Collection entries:
*** Begin section ***

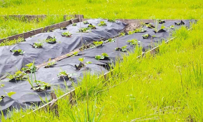 - Агроволокно (спанбонд): Неорганический вариант. Эффективно против сорняков, быстро прогревает почву. Используйте черное для гряд, белое — для клубники.
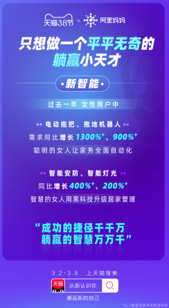 在“新智能”方面,女性再也不是科技黑洞,擅长用智能黑科技来科学管理自己的时间,不仅实现家务全面自动化,还在居家管理上井井有条。其中,电动拖把、拖地机器人等单品,增速均在1000%左右。
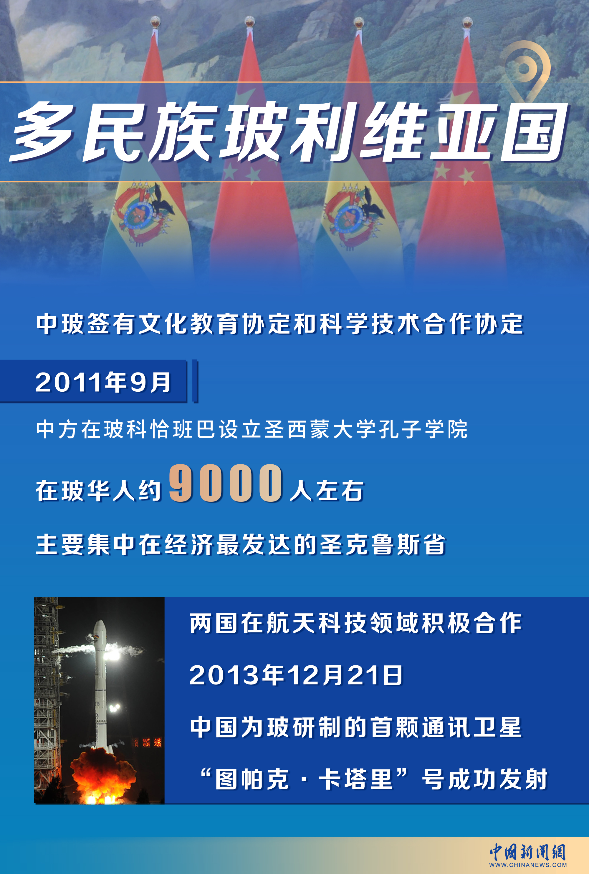 中玻兩國在航天科技領域的合作尤為突出。2013年12月21日,中國為玻利維亞研制的首顆通訊衛(wèi)星“圖帕克·卡塔里”號成功發(fā)射,這也是兩國科技合作的重要成果。
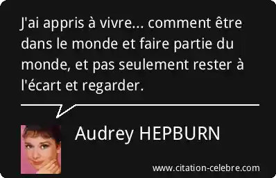 J'ai appris à vivre... comment être dans le monde et faire partie du monde, et pas seulement rester à l'écart et regarder.
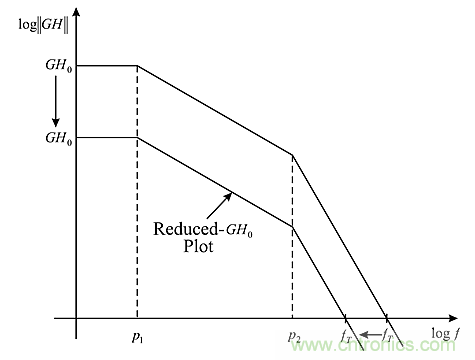 為分離極點(diǎn)和零點(diǎn),必須通過使R2 < < R1來分開時(shí)間常數(shù)。然而,這也使得分頻器準(zhǔn)靜態(tài)增益 < < 1。是利是弊,取決于回路。對(duì)于由準(zhǔn)靜態(tài)回路增益太大導(dǎo)致振蕩(或循環(huán)過度)的回路,GH0不僅會(huì)產(chǎn)生零點(diǎn)增加相位,而且由分頻器引起的GH0的減小會(huì)使波特幅度曲線向下。因幅度隨頻率下降,fT經(jīng)由移動(dòng)到圖2中左側(cè)(如圖2所示)而降低——下降到相位延遲不那么大且回路更穩(wěn)定的位置。
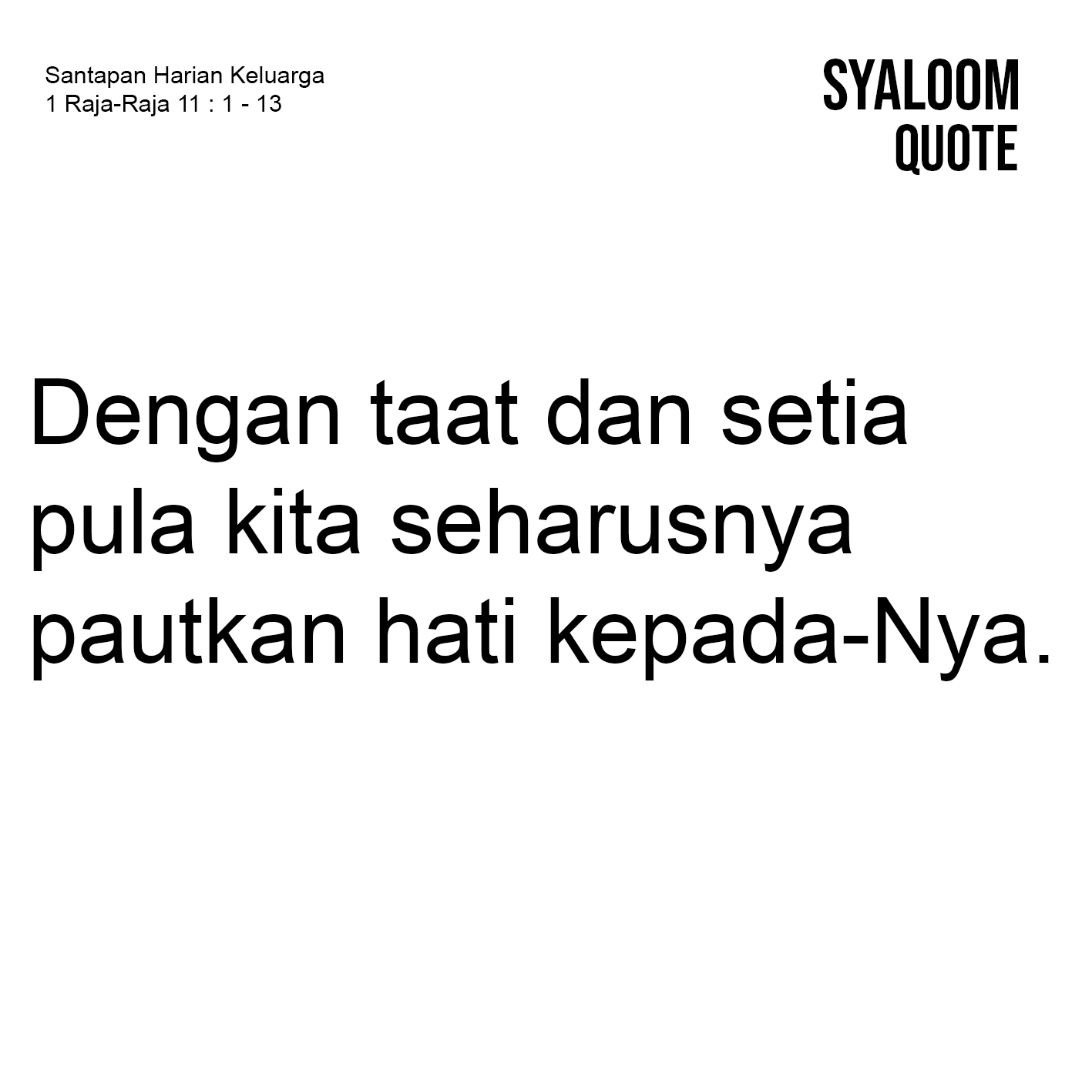 Perubahan zaman dewasa ini dapat memberikan pengaruh terhadap berbagai aspek kehidupan tetapi juga hidup beriman kita, baik positif maupun negatif. Pengaruh yang dimaksudkan juga dialami oleh Salomo ketika menduduki tahta kerajaan mengantikan ayahnya Daud. Awalnya Salomo adalah seorang yang taat dan setia sehingga hikmat Allah diberikan kepadanya. Namun karena kepentingan politiknya, ia mulai tidak setia dan berpaling dari Tuhan dengan beribadah kepada ilah-ilah yang disembah oleh istri-istrinya. Akibatnya, kerajaan Salomo mulai menghadapi berbagai persoalan yang berasal dari musuh-musuhnya, baik dari dalam maupun dari luar Israel. Kecenderungan Salomo yang meninggalkan Allah karena suatu kepentingan juga pernah dilakukan oleh kita baik disengaja maupun tidak disengaja. Tanpa sadar sikap, perkataan dan perbuatan yang kita lakukan sesungguhnya menunjukkan kecenderungan kita kepada kepentingan diri sendiri atau kelompok, sehingga secara tidak langgsung tidak mencondongkan diri lagi kepada Allah. Belajar dari pengalaman hidup Salomo yang menanggung murka Allah akibat ketidaktaatan dan ketidaksetiaannya, maka kita tidak boleh berlaku demikian. Sebab Allah yang kita sembah tidak berkompromi dengan pelanggaran-pelanggaran kita. Karena itu, sebagaimana ungkapan percaya kita kepada Allah maka dengan taat dan setia pula kita seharusnya pautkan hati kepada-Nya.
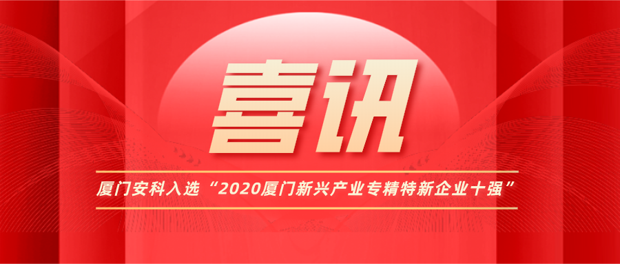 厦门安科入选“2020厦门新兴产业专精特新企业十强”
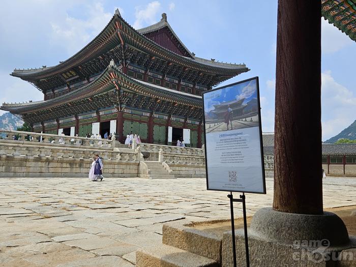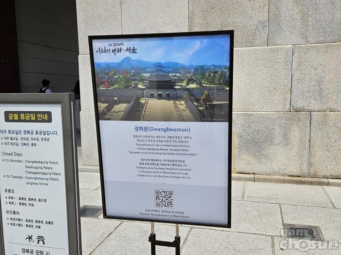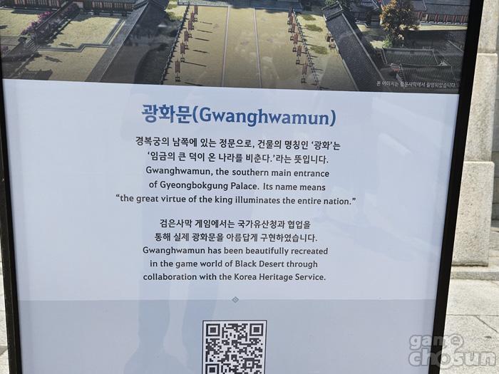 알림판에는 각가 광화문, 근정전, 경회루를 알리는 한글, 영어 안내와 함께 검은사막에 그대로 구현된 경복궁의 모습을 담은 영상이 QR코드로 담겨있다. 많은 외국인 관람객들이 해당 관광지를 구경 후 안내판을 읽고 QR코드를 찍으며 게임 내 구현된 또다른 경복궁을 구경하기도 했다.
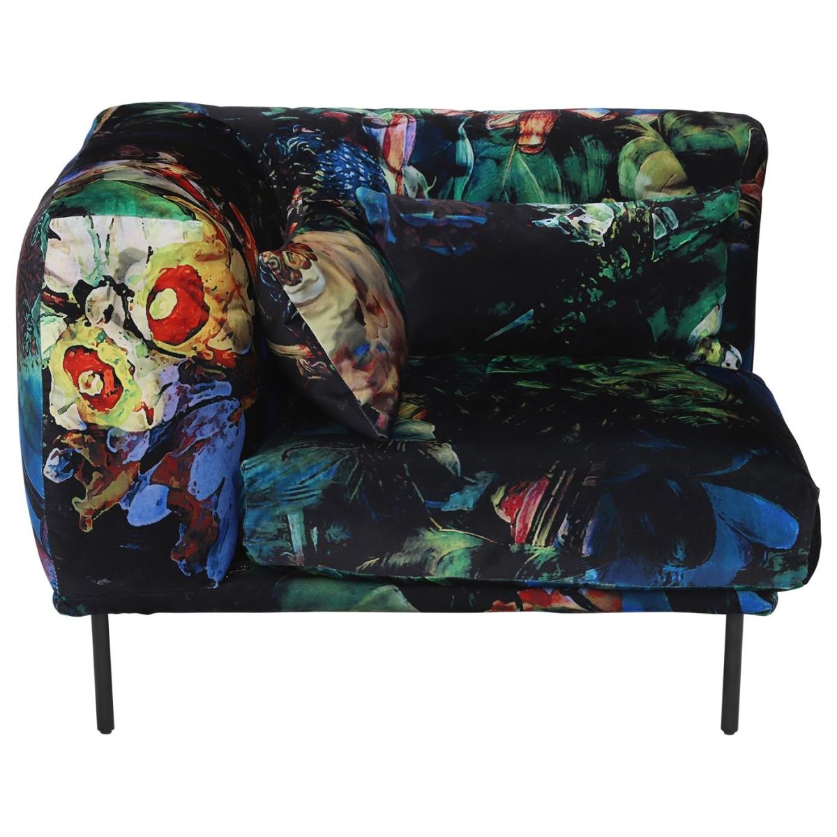 Design. A tribute to true softness, the contemporary-styled Studio sectional sofa invites refined relaxation. Fully-loaded feather pillows are wrapped around a gently supportive core, hugging the body for a joyfully sumptuous experience. Shown here in Acid Jungle velvet; a heady mix of vivid colour and equally intense darkness. Lush greens entwine with vibrant florals in an exotic scene that dances against a deep black backdrop. The perfect sofa for the urban jungle, to relax with friends and let your imagination run wild.
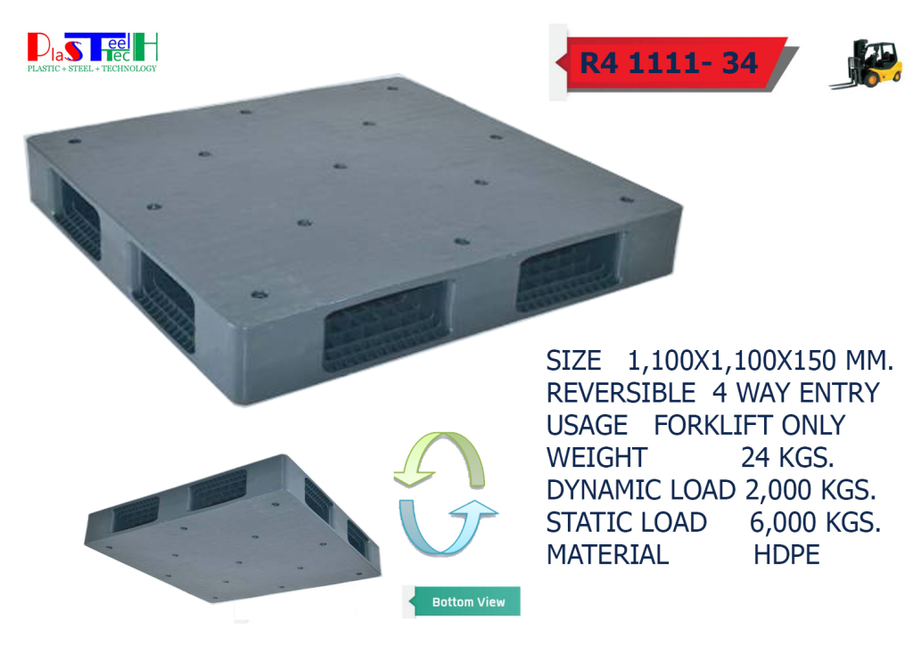 1,100×1,100×150 mm Reversible Plastic Pallet
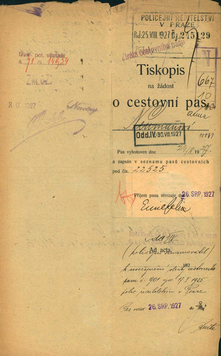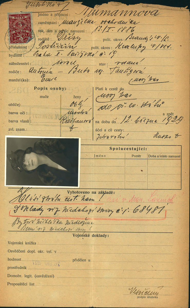 Neumannová Anna: Žádost o vydání cestovního pasu
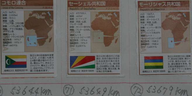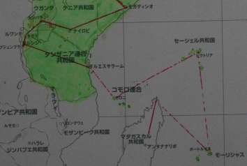 12月31日付け更新です。 (1/4)12月チーム総合ー2058km。世界一周総合ー54201km、 個人距離ー堂谷244km(431-先月分187km)。北川300km、出海532km、中村320km、米沢(直)271km、村西255km、長田114km、新保12km、米沢10km 先月、ウガンダ(カンパラ)51924km〜67ルワンダ(キガリ)52324km〜68ブルンジ(ブジュンブラ)52524km〜69タンザニア(ダルエスサラーム)53624km〜高飛びしてインド洋島めぐり、70コロモ(モロニ)53644km〜71セイシェル(ビクトリア)53649km〜72モーリシャス(ポートルイス)53679km〜マダガスカル島へ上陸、首都アンタナナリボへ向かう途中です。 |
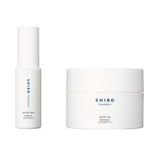 新たにラインナップに加わる2アイテム「ホワイトティー ヘアオイル」は乾燥した髪にツヤと潤いを与え、「ホワイトティー バスソルト」は南オーストラリア産の天日塩が肌を保湿しながら身体を温めます。

*** End section ***

Leave out any pictures, please, and quote only the lines from the top of the data through the line that contains "為分離極點(diǎn)和零點(diǎn),必須通過使R2 < <".

▶ **RESPONSE TO THE EXERCISE**:
 - Агроволокно (спанбонд): Неорганический вариант. Эффективно против сорняков, быстро прогревает почву. Используйте черное для гряд, белое — для клубники.
 在“新智能”方面,女性再也不是科技黑洞,擅长用智能黑科技来科学管理自己的时间,不仅实现家务全面自动化,还在居家管理上井井有条。其中,电动拖把、拖地机器人等单品,增速均在1000%左右。
 中玻兩國在航天科技領域的合作尤為突出。2013年12月21日,中國為玻利維亞研制的首顆通訊衛(wèi)星“圖帕克·卡塔里”號成功發(fā)射,這也是兩國科技合作的重要成果。
 J'ai appris à vivre... comment être dans le monde et faire partie du monde, et pas seulement rester à l'écart et regarder.
 為分離極點(diǎn)和零點(diǎn),必須通過使R2 < < R1來分開時(shí)間常數(shù)。然而,這也使得分頻器準(zhǔn)靜態(tài)增益 < < 1。是利是弊,取決于回路。對(duì)于由準(zhǔn)靜態(tài)回路增益太大導(dǎo)致振蕩(或循環(huán)過度)的回路,GH0不僅會(huì)產(chǎn)生零點(diǎn)增加相位,而且由分頻器引起的GH0的減小會(huì)使波特幅度曲線向下。因幅度隨頻率下降,fT經(jīng)由移動(dòng)到圖2中左側(cè)(如圖2所示)而降低——下降到相位延遲不那么大且回路更穩(wěn)定的位置。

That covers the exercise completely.